Provided entries:

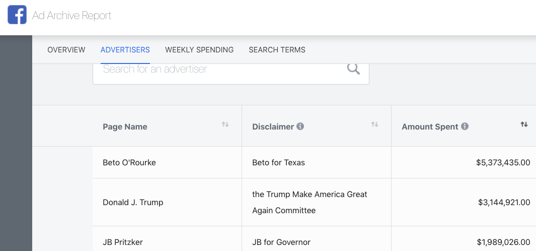 - Beto O'Rourke, the Democratic Senate candidate in Texas, "has spent more on Facebook ads than any other candidate this campaign cycle ... $5.3 million since May."
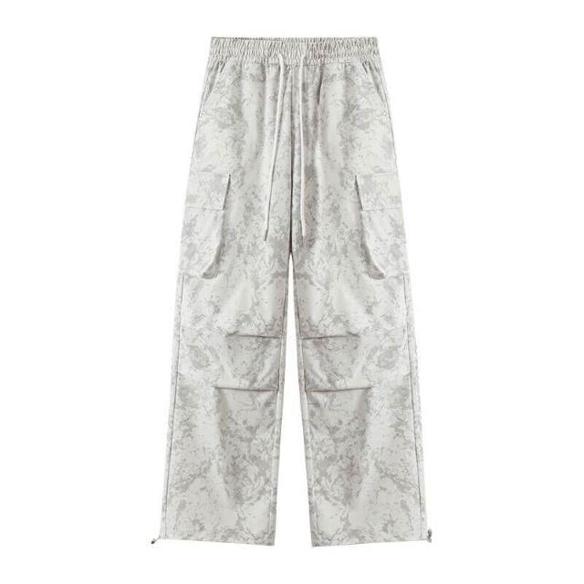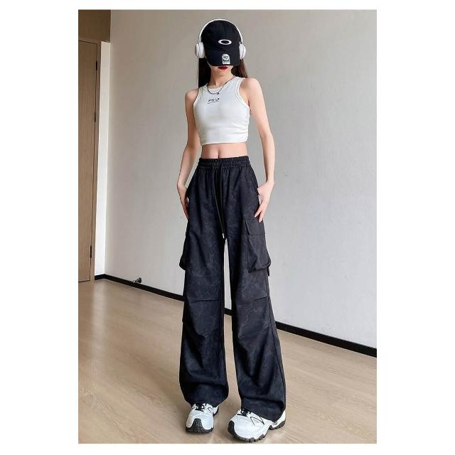 運動長褲女夏季寬鬆透氣大碼高彈涼感褲冰絲速乾吸濕排汗直筒工作褲夏天闊腿跑步健身口袋拉鏈休閒褲女生鬆緊居家扎染工裝褲高腰顯瘦束腳女褲登山降落闊腿褲兩穿傘兵褲
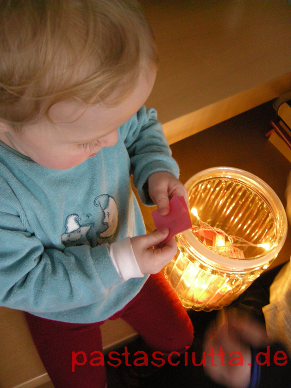 Die Losnummern habe ich auf kleine Zettelchen geschrieben. Dann habe ich eine Glücksfee gesucht.
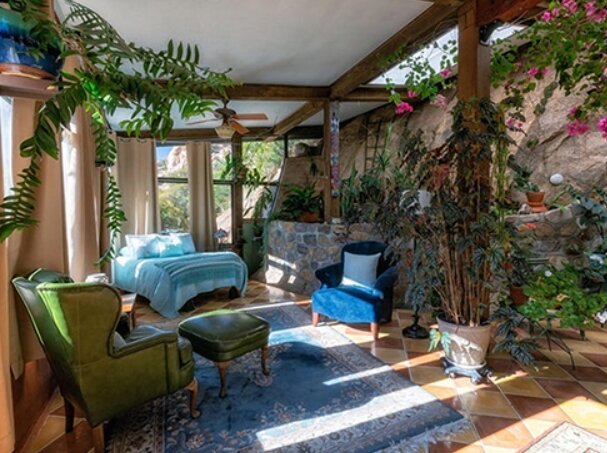 K dispozici jsou 3 ložnice, několik koupelen, velký obývací pokoj s kuchyní, knihovna, herna a velký počet vedlejších místností. Zevnitř vypadá dům jako skutečné umělecké dílo.
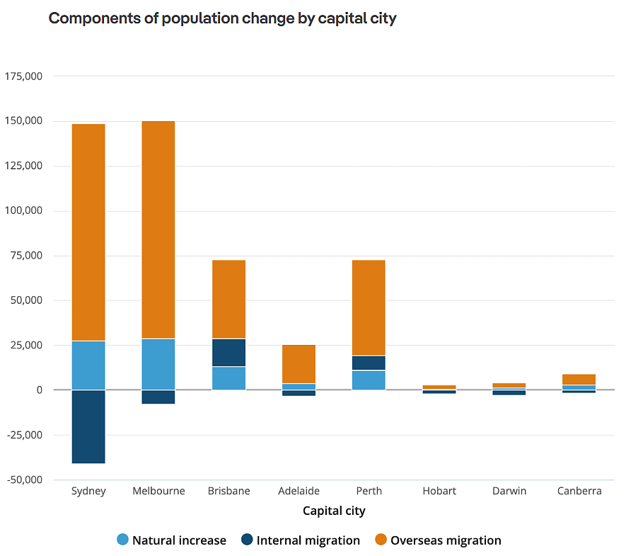 根据澳洲统计局的数据,过去一年中大多数海外移民定居在各大首府城市。
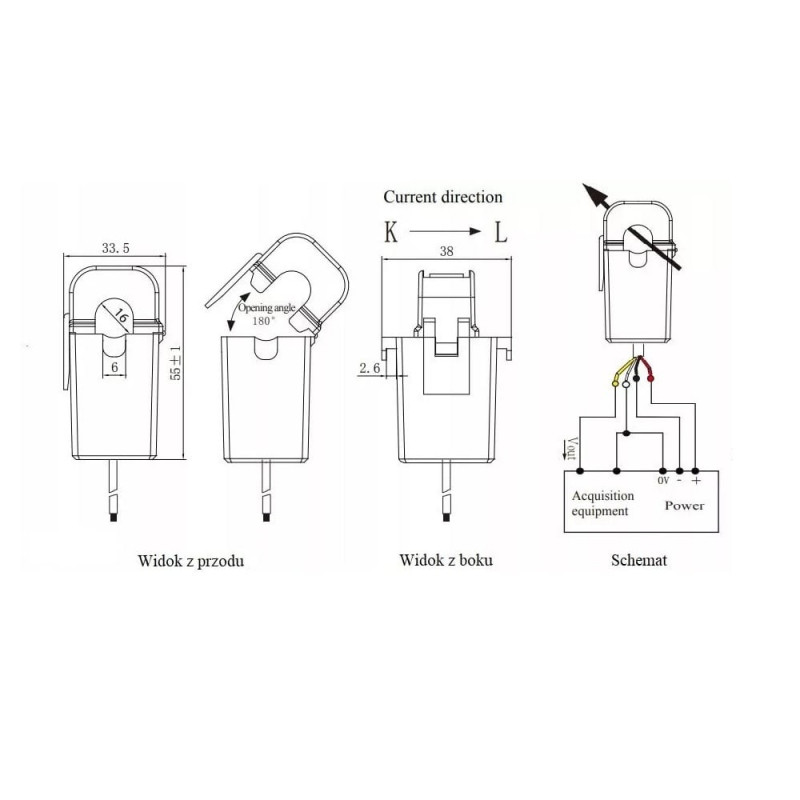 The HST016L current transducer can be used to measure direct, alternating, and pulsating currents. It was designed on the principleof an open loop and there is galvanic isolation between the primary conductor and the secondary circuit.Thanks to its design the openable core is ideal for installation on a cable without breaking the primary circuit.The hole diameter is 16 mm.The output of the transducer reflects the real wave of the conductor.The advantage of this sensor is its low power consumption, which is particularly advantageous when measuring high currents.The length of the cables exiting the transformer is 50 cm (red, black, green, white).
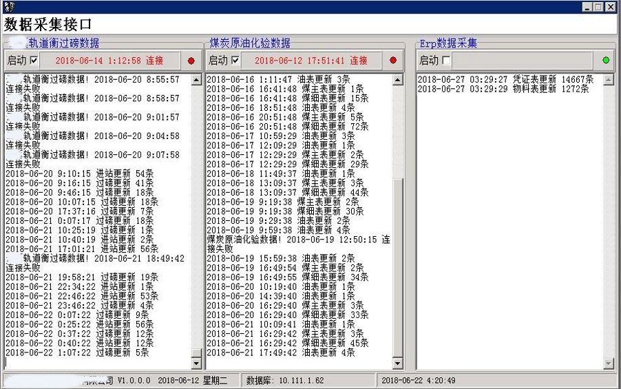 采集:连接火车轨道衡数据采集、船运皮带秤数据采集、原料煤皮带、入炉煤皮带计量采集。
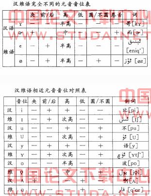 1.汉维语元音音位对比
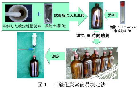 そこで、堆肥化物の二酸化炭素発生量を測定することによって、堆肥中の易分解性有機物量の多少を推定し、熟度を簡易に判定する方法を開発する。
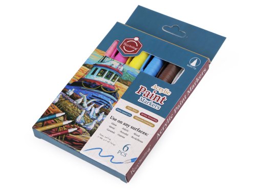 Akrylový popisovač má vysokú kryciu schopnosť, je rýchloschnúci. Je vhodný na povrchy ako je papier, kameň, drevo, textil, plátno a kov. Môžete ho použiť aj na plochy bez základnej farby, na očistený, odmastený a suchý povrch. Vyznačuje sa jednoduchou aplikáciou, je určený na vnútorné použitie. Náš tip: skúste techniku bodkovania, akrylové popisovače sa výborne hodia na bodkované mandaly. Popisovače s vysoko pigmentovaným akrylovým atramentom rýchlo schnú, nemusíte sa báť, že sa pri maľovaní rozmažú. Vytvorí veľmi odolný nepriehľadný a lesklý povrch na svetlých aj tmavých povrchoch. Popisovače so strednou guľatou špičkou sa ľahko ovládajú, sú vhodné pre polotučné čiary a kreslenie väčších detailov aj vyplňovanie veľkých plôch. Súprava č. 1 - oranžová, fialová svetlá, zelená, červená, fialová tmavá, čierna farba.
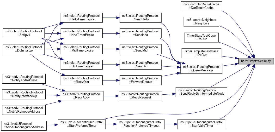 Referenced by ns3::dsr::DsrRouting::DsrRouting(), ns3::aodv::RoutingProtocol::DoInitialize(), TimerStateTestCase::DoRun(), TimerTemplateTestCase::DoRun(), ns3::aodv::RoutingProtocol::HelloTimerExpire(), ns3::olsr::RoutingProtocol::HelloTimerExpire(), ns3::olsr::RoutingProtocol::HnaTimerExpire(), ns3::olsr::RoutingProtocol::MidTimerExpire(), ns3::aodv::Neighbors::Purge(), ns3::dsr::DsrRouteCache::PurgeMac(), ns3::olsr::RoutingProtocol::QueueMessage(), ns3::aodv::RoutingProtocol::RerrRateLimitTimerExpire(), ns3::aodv::RoutingProtocol::RreqRateLimitTimerExpire(), ns3::aodv::Neighbors::ScheduleTimer(), ns3::dsr::DsrRouteCache::ScheduleTimer(), ns3::dsr::DsrRouting::SendBuffTimerExpire(), ns3::TcpSocketBase::SendDataPacket(), ns3::TcpSocketBase::SendPendingData(), ns3::dsdv::RoutingProtocol::SendPeriodicUpdate(), ns3::aodv::RoutingProtocol::Start(), ns3::dsdv::RoutingProtocol::Start(), ns3::Ipv6AutoconfiguredPrefix::StartPreferredTimer(), ns3::Ipv6AutoconfiguredPrefix::StartValidTimer(), and ns3::olsr::RoutingProtocol::TcTimerExpire().
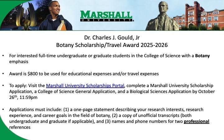 - Dr. Charles J. Gould, Jr Botany Scholarship/Travel Award – $800 – open to full-time undergraduate and graduate students who are conducting research.
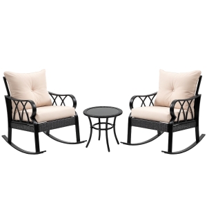 Outsunny Wicker Outdoor Rocking Chair Set, 3 Piece Patio Bistro Set with 2 Porch Rocker Chairs, Glass Top Coffee Table and Cushions, Patio Conversation Set for Balcony, Backyard, Cream White
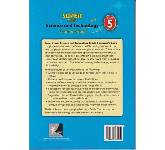 Super Minds Science and Technology Grade 5 Learner’s Book comprehensively covers the Science and Technology content in the new competency-based curriculum for primary schools. This book has been developed to enable learners to apply their talents and skills to their daily living. The book is presented in a simple manner that learners can identify with. At this level, learners will enjoy using it as the teacher becomes a facilitator of learning and not simply a source of knowledge.
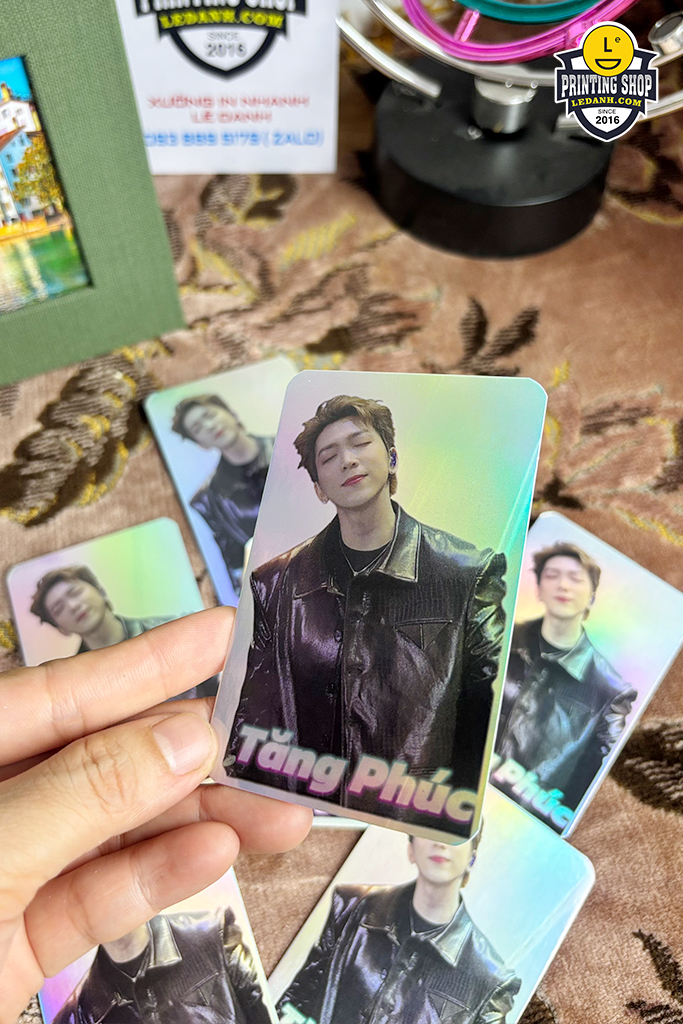 Qui cách : Size : 55X85mm, Giấy Metalize, in 1 mặt, Cán Màng 1 Mặt, Cắt Thành Phẩm.

What you need to do:
In the listing above, find the line holding "K dispozici jsou" and the line holding "根据澳洲统计局的数据,过去一年中大多数海外移民定居在各大首府城市。". Reproduce those two lines and all between them exactly, leaving out pictures.

Exercise solution:
 K dispozici jsou 3 ložnice, několik koupelen, velký obývací pokoj s kuchyní, knihovna, herna a velký počet vedlejších místností. Zevnitř vypadá dům jako skutečné umělecké dílo.
 根据澳洲统计局的数据,过去一年中大多数海外移民定居在各大首府城市。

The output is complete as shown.